I will be there Friday afternoon. Big grey Ford pick 'em up truck. Can't miss me.

willbo


----------



## Sea-Slug (May 28, 2004)

*Good Luck*

Good luck to everybody. My wife just shelled my Tranny on my Ford. Maybe next year.


----------



## Dolphin Girl (May 21, 2004)

FYI, I was coming home from Galveston around 2 this morning and it looked like High Island had gotten quite a bit of rain. All of the small ditches had a few inches of standing water in them.

That should have helped the sand situation.


----------



## spambulance (Jul 23, 2004)

*High Is. Wed 8.11*

I was at HI all day yesterday. We got a sprinkle of rain down there, but not much to improve conditions... for non-4x4s. This was just past the barricades.
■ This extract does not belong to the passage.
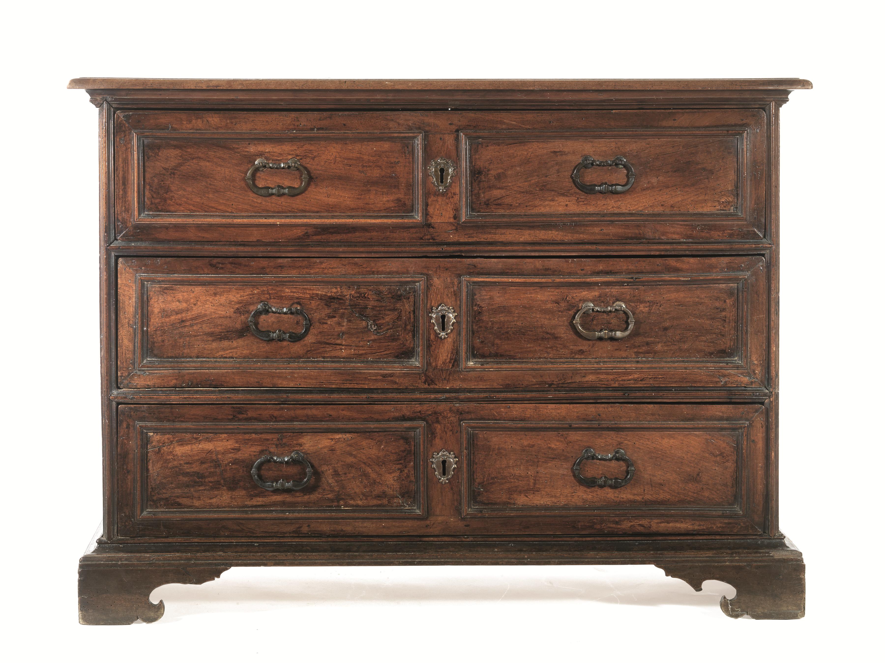 Cassettone, Firenze, metà sec. XVII, in noce, piano rettangolare con becco di civetta, tre cassetti sformellati, base modanata, piedi a mensola, cm 143x58x108

I won't be able to make it to the BumRun, but best of luck to y'all. 
The last six sting rays I've run out came back chewed up and/or spit out, without any hook ups... I guess they don't call them sharks for nothing!
Enjoy the Run.


----------



## Dolphin Girl (May 21, 2004)

spambulance said:


> I was at HI all day yesterday. We got a sprinkle of rain down there, but not much to improve conditions... for non-4x4s. This was just past the barricades.


I'm talking about late last night (sometime between 2 a.m. and 3 a.m.). The wheel paths on SH 87 were holding water as were the ditches.


----------



## herefishy (Jul 9, 2004)

Thanks for the reports for us 2wd...Guess I'll give it shot, if I can't get in, I can't get in. Not really going ot risk it too much. Only going down Fri night/sat morn anyway. I'll be in a black cherokee with gen and lights, prolly radio, microwave, tv, a/c,...just kidding, lights and that though we'll see how it goes. good luck to all.


----------